スマートフォンもなければインターネットも盛んでなかった1970年代後半に、「SAMO©(セイモ)」という文字とペアで残されたグラフィティが、マンハッタンの壁に次々と登場しはじめた。やがて故ジャン=ミシェル・バスキアとアル・ディアズが「俺らがSAMO©だ」と週刊誌「ヴィレッジ・ヴォイス」に暴露するのだけれど、SAMO©(セイモ)の正体は、活動開始から一年ほど誰も知ることがなかった。

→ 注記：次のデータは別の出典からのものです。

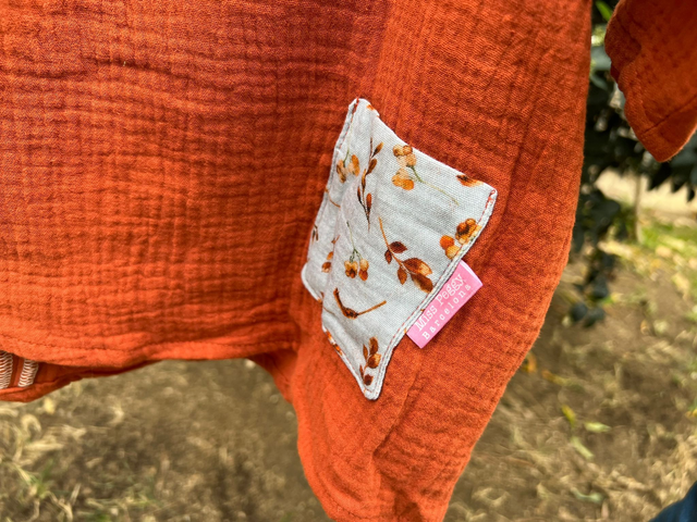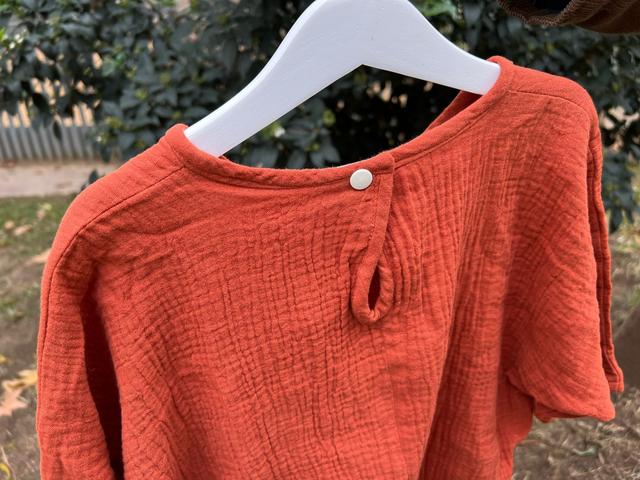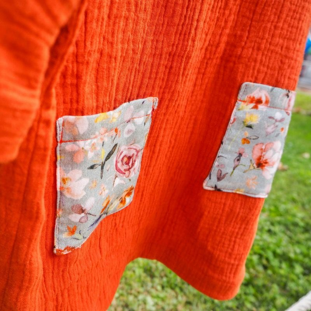 Vestido tipo túnica confeccionado con muselina orgánica de doble capa, suave y colorida. De corte amplio y suelto, mangas hasta el codo, largo hasta la rodilla. Dos bolsillos frontales. Se ata en la espalda con un simple "snap" de botón. Diseñado para poderlo usar con jersey de manga larga debajo y leggins en otoño-invierno, y como vestido ligero en primavera-verano.
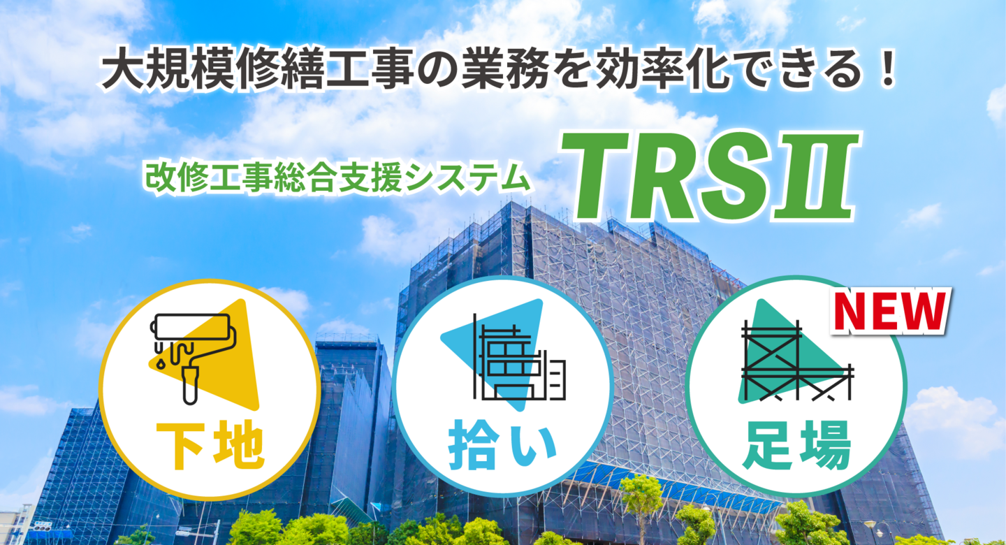株式会社システムズナカシマ(本社:岡山県岡山市、代表取締役社長:中島 義雄)は、ビル・マンションなどの大規模修繕工事を行う事業者向けに、改修工事総合支援システム『TRSⅡ』シリーズの第3弾『TRSⅡ 足場』を2025年6月1日に発売します。2023年に提供を開始した『TRSⅡ 下地』『TRSⅡ 拾い』に続き、新たに足場仮設計画機能を搭載した『TRSⅡ 足場』を加えることで、工事の図面作成から数量積算まで、改修工事全体のDXを推進します。
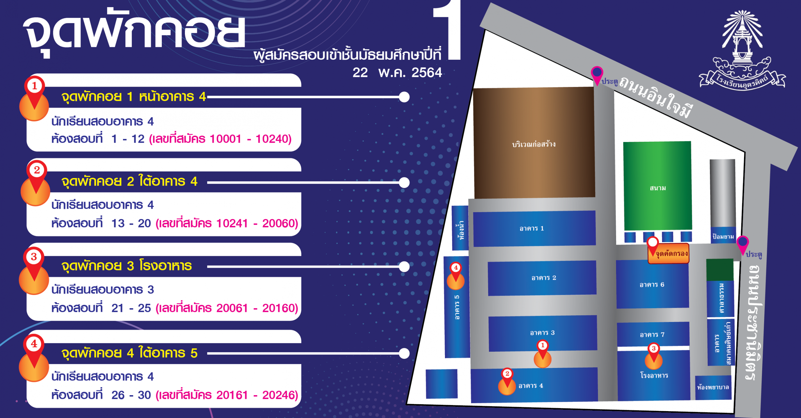 ประกาศรายชื่อนักเรียนอันดับสำรองที่ได้รับสิทธิ์เข้าศึกษาต่อชั้นมัธยมศึกษาปีที่ ๑ ปีการศึกษา ๒๕๖๔ ประเภทนักเรียนทั่วไป
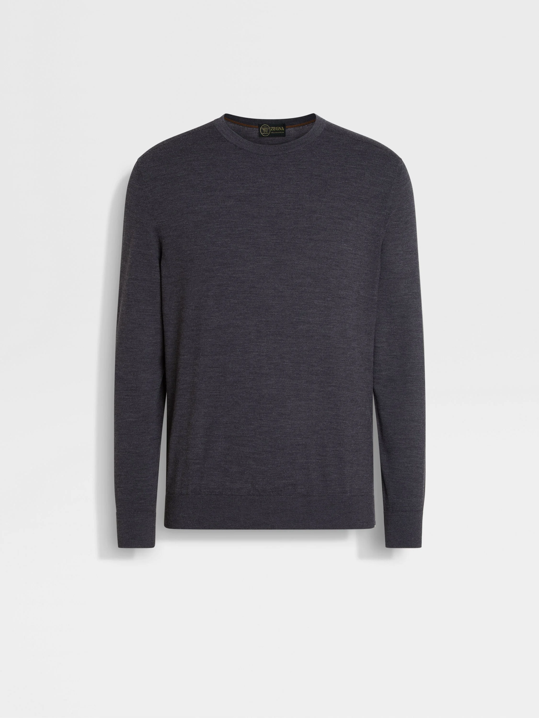 This dark grey Vellus Aureum crewneck epitomizes ZEGNA's vision of elevated basics. INFO Crafted from the finest quality wool, this Vellus Aureum crewneck combines comfort and sophistication in equal measures. A refined dark grey colorway and timeless silhouette edged with ribbed trims make it an effortless choice for both formal and casual occasions alike. PRODUCT CODE UGA00A2-VELCRW-K98 MATERIALS AND CARE 100% Wool Vellus Aureum was inspired by our Founder’s quest for excellence to seek the finest wool in the world. Exquisitely fine in texture and rare, Vellus Aureum is crafted from 100% certified traceable wool fibres. Wash by hand. Do not bleach. Do not tumble dry. Flat drying. Iron at max 110°C. Professional dry cleaning in hydrocarbons, mild process. Wash and iron inside out. FIT AND PRODUCT DETAILS • Regular fit • 21 gauge • Ribbed crewneck collar • Ribbed hem and cuffs
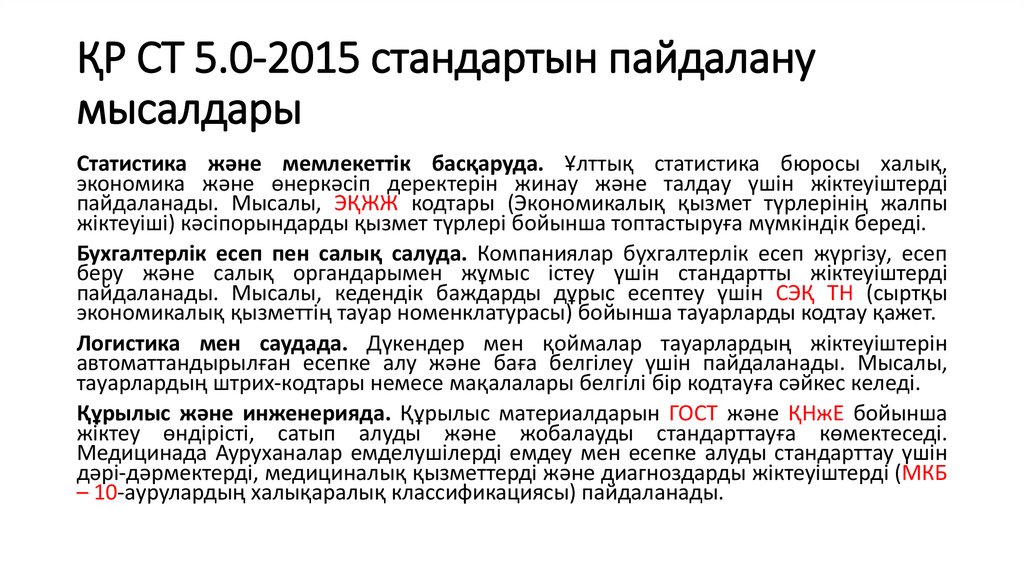 13. ҚР СТ 5.0-2015 стандартын пайдалану мысалдары
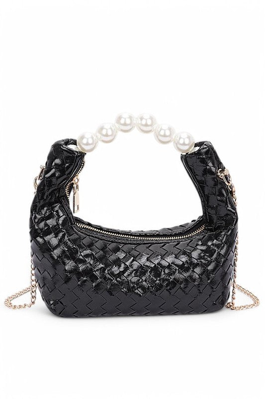 Pearl Handle Metallic Small Convertible Clutch Bag
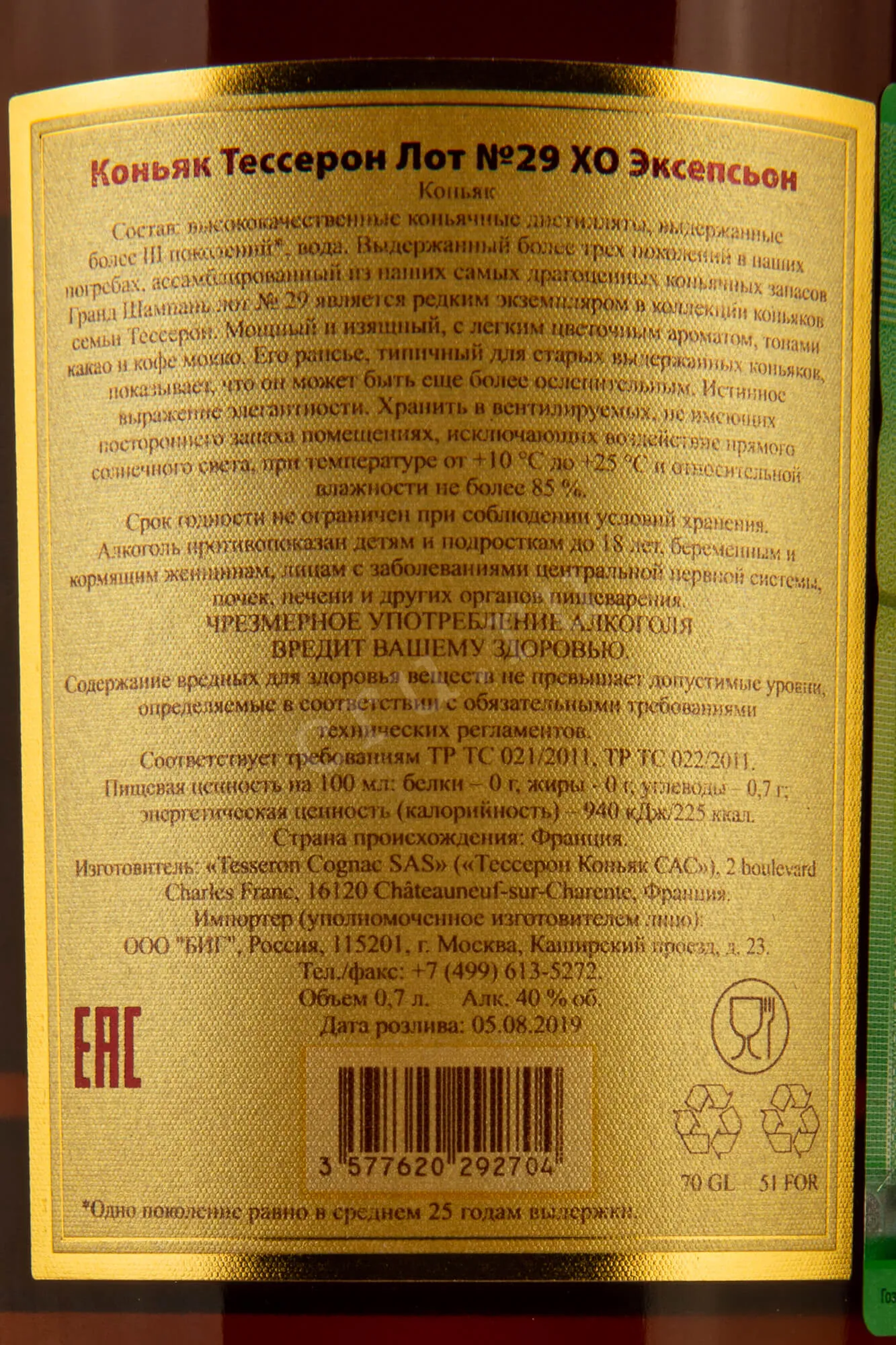 Коньяк Tesseron XO Exception Lot 29 0.7 л – суперпремиальный французский cognac, который производится лучшими мастерами коньячного дома Тессерон из местных сортов винограда, растущих в субрегионе Гран Шампань. Ассамбляж собран из самых редких коньячных спиртов, год рождения самого старинного – 1906. Выдержка в течение длительного времени проходит в специальных бочонках из лимузенского дуба на протяжении 75 лет. Обладает неповторимой гаммой вкусоароматических показателей. Продается в яркой сувенирной упаковке, станет отличным подарком для коллекционера и ценителя выдержанного французского алкоголя. Данный релиз получил 100 баллов от эксперта Роберта Паркера. Lot 29 является редкой жемчужиной в именитой коллекции Tesseron.
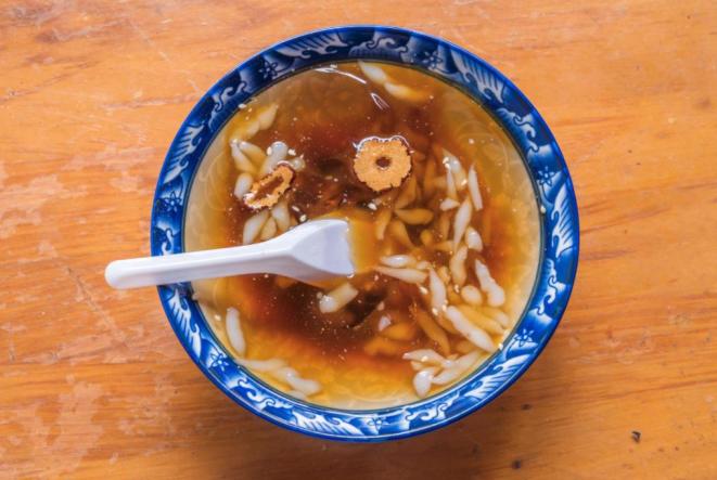 潮汕人的夏日消暑圣品,首推五果汤。传统五果汤为薏米、桂圆、莲子、白果、百合,但实际数量可以不止5种,也不用非得局限在这5种食材。可按个人喜好自由搭配鹌鹑蛋、银耳、姜薯片等。但无论加多少料,它还是称为五果汤。
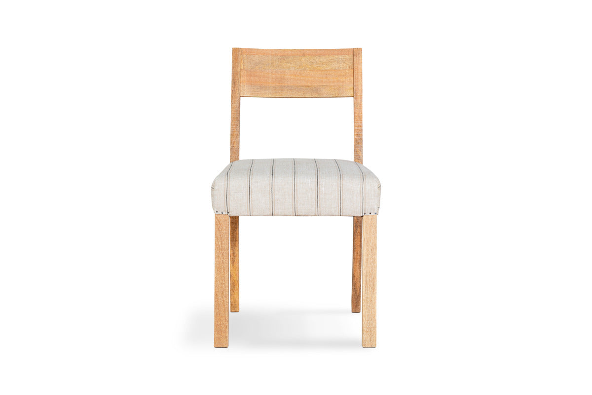 The Nidhi dining chair brings refined comfort to your dining space with a blend of natural materials and tactile charm. Crafted from solid mango wood with a rough-sawn finish that enhances its organic texture, the frame is paired with soft natural linen upholstery featuring a subtle charcoal stripe. This timeless design adds pattern and elegance without overpowering, making it a versatile addition to classic or contemporary settings.
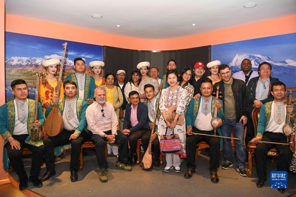 新疆自古以來(lái)是多元文化并存的地區(qū)。在疏附縣新疆民族樂(lè)器村,當(dāng)?shù)貥?lè)者用熱瓦甫、都塔爾等傳統(tǒng)樂(lè)器為參訪團(tuán)一行演奏歌曲。巴西駐廣州總領(lǐng)事杜飛對(duì)此印象深刻:“我曾在中亞地區(qū)工作多年,對(duì)這些樂(lè)器很熟悉,新疆多元文化融合現(xiàn)狀展示出各民族可以很好地生活在一起?!?/p>
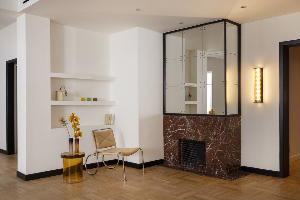 Στη ζώνη των κοινόχρηστων χώρων έγιναν επίσης αλλαγές: «Κατά την είσοδο, μια ακολουθία τριών πρώην ξεχωριστών χώρων υποδοχής ενοποιήθηκε με την αφαίρεση των ενδιάμεσων χωρισμάτων, σχηματίζοντας έναν ενιαίο, επιμήκη χώρο διαβίωσης. Το φως της ημέρας εισέρχεται απευθείας από την μπροστινή πρόσοψη του κτιρίου, καθιστώντας την την πιο φωτεινή ζώνη του διαμερίσματος. Το αρχικό κόκκινο μαρμάρινο τζάκι, που βρίσκεται προς το πίσω μέρος του κεντρικού χώρου, ανακαινίστηκε προσεκτικά και παραμένει ένα από τα κεντρικά σημεία του δωματίου. Πολλαπλά πάνελ καθρέφτη πλαισιωμένα σε γυαλιστερό μαύρο επεκτείνουν την παρουσία του, ευθυγραμμιζόμενα με τα έντονα σοβατεπί και τα πλαισιωμένα πρωτεύοντα ανοίγματα για να δημιουργήσουν ένα σαφές αρχιτεκτονικό δεδομένο».
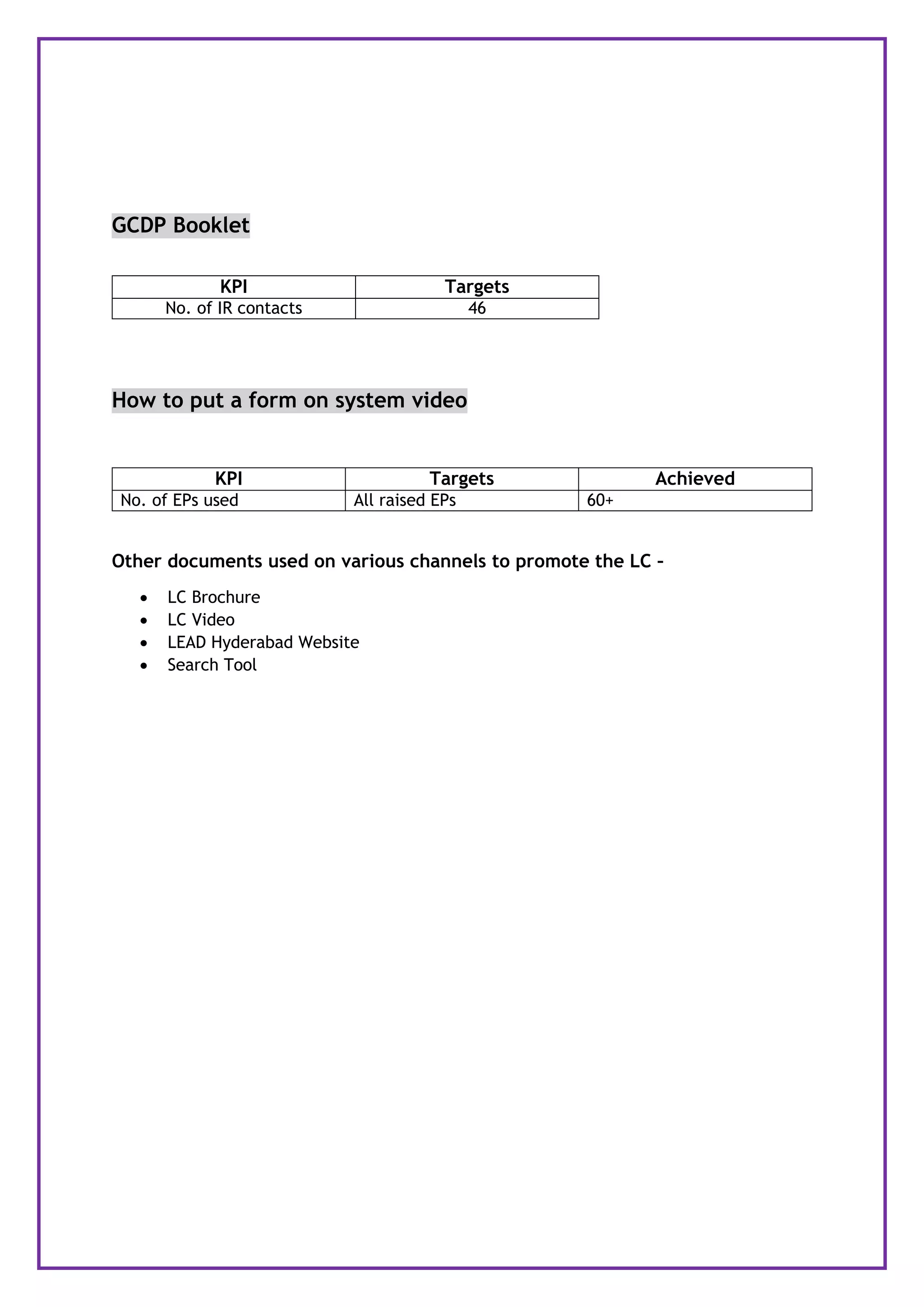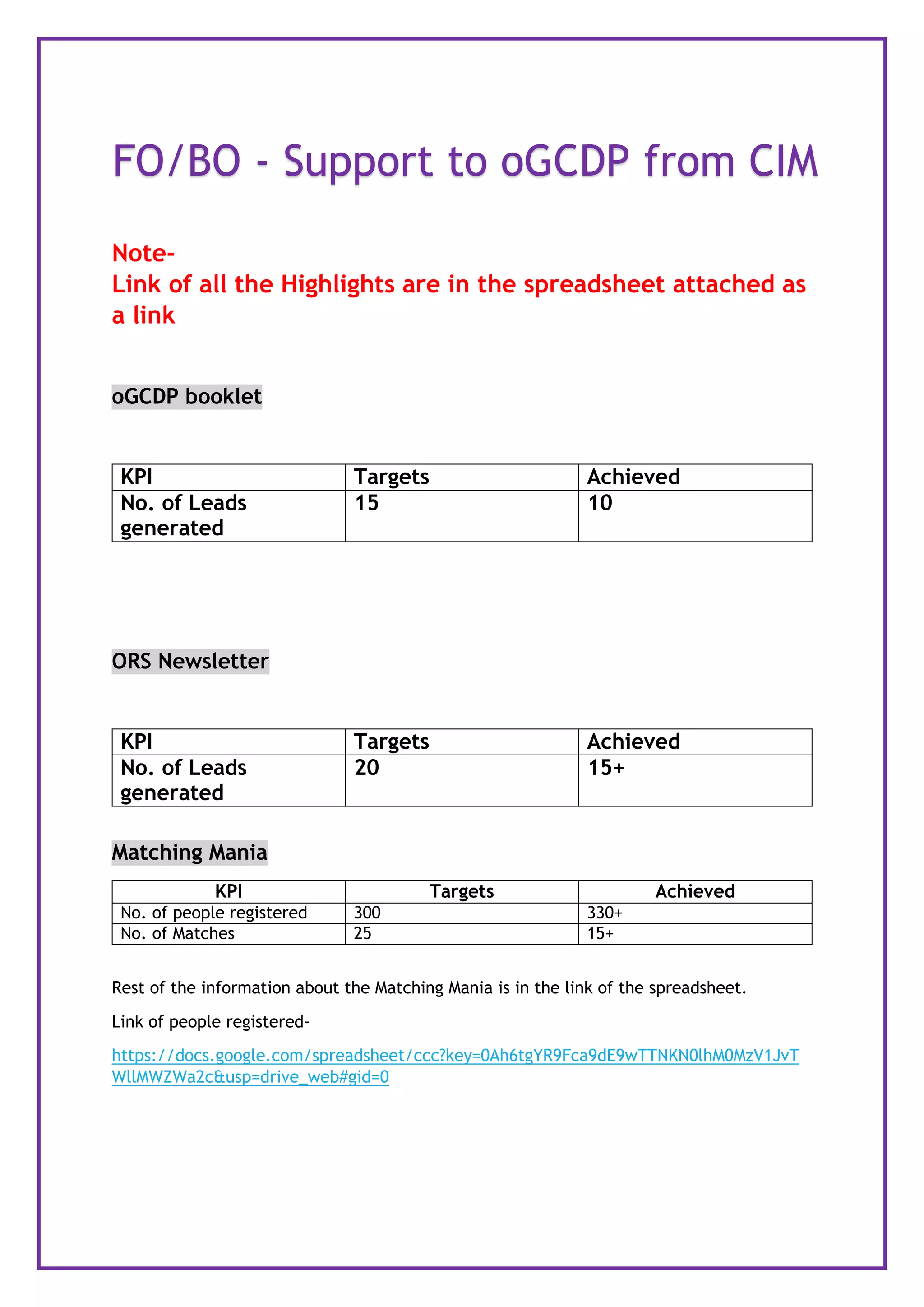 The document summarizes the results of various marketing initiatives for an organization. It provides key performance indicators, targets, and results achieved for initiatives like the GCDP booklet, ORS newsletter, and Matching Mania event. Links are included for additional details on people registered for Matching Mania and other resources used to promote leadership programs. Overall, the results show the targets were largely achieved or exceeded for generating leads, registrations, and contacts through these outreach activities.

SAMO©の片割れとして正体を明かして以降、ものすごい勢いで名声を博したアーティスト、ジャン=ミシェル・バスキアの人生をゆる〜くたどるのが、映画『バスキア』(1996年)。ルネ・リチャードに発掘されたことやアンディ・ウォーホルとの出会いと友情、そして彼の早すぎる死に至るまでの数年が描かれている。
監督を務めたのはバスキアと同じように、ギャラリストのメアリー・ブーンが注目した画家のジュリアン・シュナーベル。ところがバスキアを演じたジェフリー・ライトは、できあがった作品を観て「本作でバスキアは、ずいぶんとおとなしく描かれてしまった。彼はもっと力強い人物だったのに」とシュナーベル監督が描いたバスキアを残念そうに語っていた。そんなことも踏まえつつ、ちょっと距離を置いて観るのがいいのかもしれない。